Monday, May 16, 2005

Hi, I’m Wavy Gravy. When I’m in Springfield I like to have an angioplasty performed at the Prairie Heart Institute.

That’s the basic concept behind an advertising campaign that hopes to make baby boomers aware that all that free love has finally taken a toll on their hearts. Okay, I hyperbolize. But the campaign does use sixties-style art and Alfred E Newman as a way connect to the 40-60 year old crowd and turn them on to something called CVD.

What’s CVD? Hopefully the boomers know because a local advertising campaign is banking on it. Actually, the Prairie Heart Institute is banking on it because they’re the ones footing the bill. The letters CVD are the sign’s most visible element and unless it’s common knowledge among the target audience that it’s an acronym for cardiovascular disease, then it might as well stand for Charles Van Doren (who was from the generation that gave birth to the baby boomers.) Nothing else in the design would suggest preventive heart care. The tag line "a sign of the times" is also vague in the context that it appears.

I’m not sure that images that harken back to their carefree days of youth are the best way to make boomers aware that they may have a time bomb about to go off in their chest. Living in the past is what keeps people from recognizing that their bodies aren’t the resilient machines they once were. And if CVD is supposed is meant to play off LSD, then the whole concept has gone off on a bad trip.

The campaign has shifted gears recently, and for the better. The new ads get the attention of their target audience by mentioning a defining event from an earlier time in their life (in 1969 we walked on the moon) and then brings them back down to earth in terms of where they are today (in 2005, we walk on treadmills.) The graphics are clean and legible. The message is direct and relevant. It tells the target audience that they aren’t so young anymore and they have to work if they want to maintain their health.

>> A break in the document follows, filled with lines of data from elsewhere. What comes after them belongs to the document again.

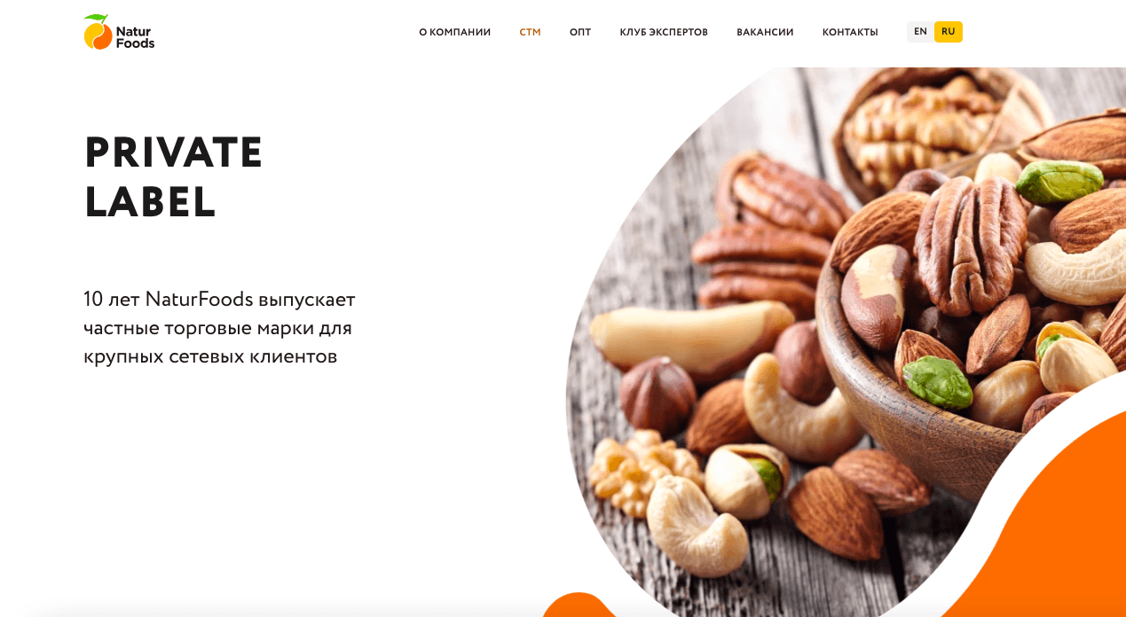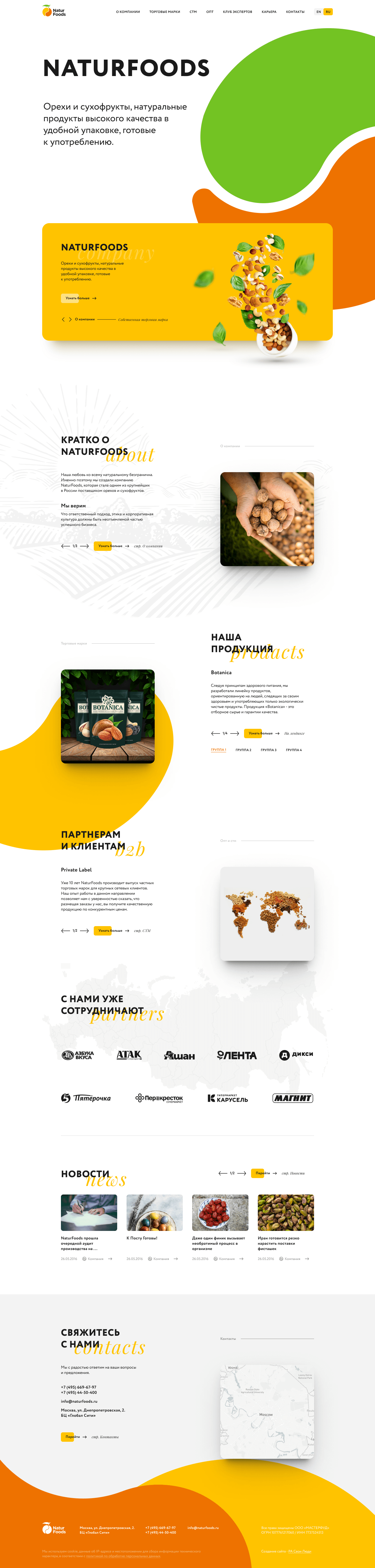 Разработка сайта компании NaturFoods для конечного потребителя – представить все торговые марки компании: NaturFoods, Botanica, Snack&Go, SnackFRU и для партнеров – показать возможности компании по созданию СТМ под заказ.
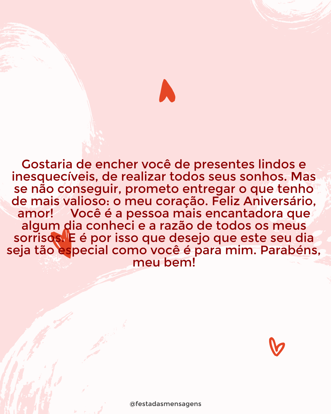 Para você, bisavó, eu desejo o melhor da vida! Que seu novo ano de vida chegue com muita saúde, paz e alegria. Você é um exemplo para mim e para toda a nossa família. É o pilar que nos une e nos serve como fonte de força e amor. Eu agradeço por ter uma bisavó como você e por poder estar aqui para celebrar mais um grande ano da sua vida. Felicidades e muito amor!
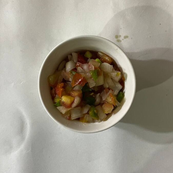 Batata frita,arroz,molho,maionese ou macarronese,farofa,banana,2 ovos de codorna e um espeto de R$ 7,00.
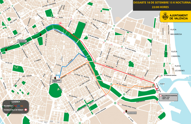 Calles cortadas por la 15K Nocturna 2021 El sábado 18 de septiembre con motivo de la carrera 15K nocturna se cerrarán algunas calles al tráfico. Consultas las calles cortadas por la carrera. 15K Nocturna: Calles cortadas La 15 K Nocturna se celebra este sábado 18 de septiembre a las 22:00h. Si quieres saber por dónde pasará la carrera, puedes ver su recorrido aquí. Por otra parte, si quieres saber por dónde podrás circular, aquí te dejamos un mapa con las calles cortadas durante la carrera. El sábado 18 de septiembre a las 16:00h comenzará el montaje de la carrera que conllevará el cierre de algunas de las calles de la ciudad hasta la 01:30h de la madrugada. En ese sentido, se ha establecido un amplio dispositivo policial y de voluntarios a lo largo de todo el circuito garantizar el correcto desarrollo de la prueba y minimizar así el impacto en la ciudadanía. La salida de la carrera se realizará en la Avenida del Ingeniero Manuel Soto a las 22:00h y desde las 16:00h se cortará al tráfico para poder preparar el montaje del inicio de la 15K Nocturna. El cierre al tráfico tendrás lugar entre la rotonda de la Marina Sur y la calle Joan Verdeguer. Respecto a la zona de meta, la calle se cortará a partir de las 19:00h en Joan Verdeguer a la altura del Ingeniero Manuel Soto.
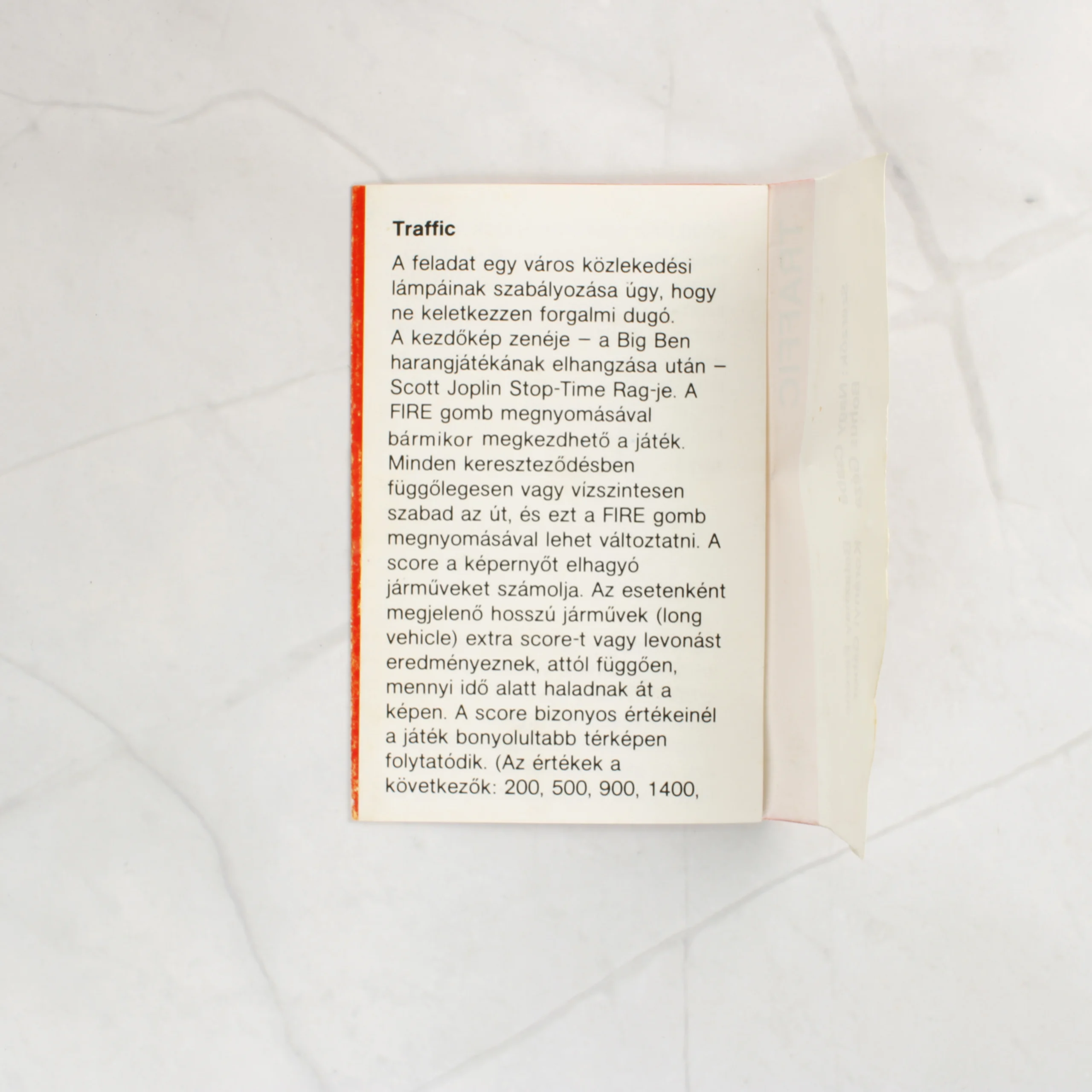 Ez a Traffic című videójáték Commodore 64 platformra, amelyet az Andromeda Software adott ki. A csomag egy fekete műanyag tokot tartalmaz, amelyben egy piros alapszínű, illusztrált papírborító található. A borítón a játék címe, egy képernyőkép és a kiadó logója látható. A készlet része egy fekete magnókazetta is, amelyen fehér papírcímke található kézzel írt vagy gépelt felirattal. A belső borítón magyar nyelvű használati útmutató olvasható, amely részletezi a játékmenetet és a pontozást. A hátoldalon a szerzők nevei szerepelnek: Nagy Csaba, Bohus Géza, Beleznay Ferenc és Korányi Gábor. A termék korának megfelelő állapotban van, a papír részeken enyhe sárgulás és használati nyomok láthatóak.
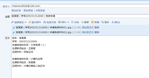 发送包含免修申请证明材料附件的邮件到:mianxiu2022#126.com(为防止爬虫,发邮件时请将#改为@)
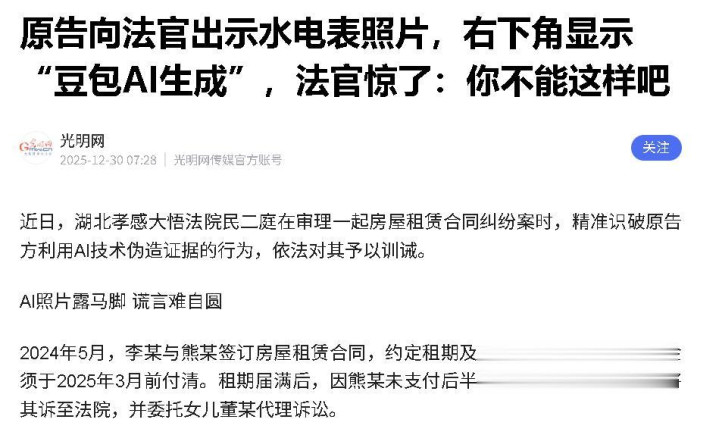 湖北一个法院里,庸俗的租房讼事却因一张水电表像片出了大问题。这张像片乍一看很平时,但真贵的法官发现边际有个奇怪的象征,仔细一查,果然是用合成软件制作出来的。
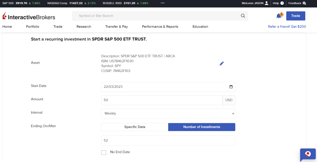 I mentioned about this at the start of the year that I intend to DCA into SPY over the whole of 2023 and eventually hit 100 shares to sell Covered CALL but I chickened out when I saw that the market was crashing, so I sold my SPY shares at a loss to preserve my capital. This time round, I intend to use the automatic recurring investment function inside Interactive Brokers (IBKR) platform to help me out so that I do not get distracted and abandon the plan again.
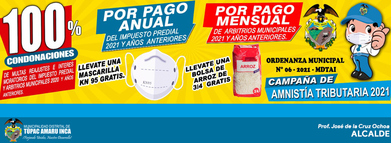 #BENEFICIARIO DE LA AMNISTÍA TRIBUTARIA 2021 ORDENANZA MUNICIPAL N° 06-2021-MDTAI

There is even a call to action by asking people to order an information booklet, an element that would make famed adman David Ogilvy proud.

The hippy-dippy campaign was probably more fun for the agency to work on and it is more likely to receive an industry award than the simple ads that followed. But advertising isn't about being having fun or winning awards, it's about getting the client's message noticed and getting the audience to take the desired action. I'd bet that the cats at Prairie Heart are digging the current campaign a lot more.


1 comment:

Anonymous said...

The "CVD" in blue, white, and red is a take-off of the old "STP" symbol that was, and possibly still is, on the side of all race cars. Not sure if you knew that.

We walked on the moon in 1961? Better re-check that fact pal. Give Newsweek a call. They have a wonerful method of fact checking.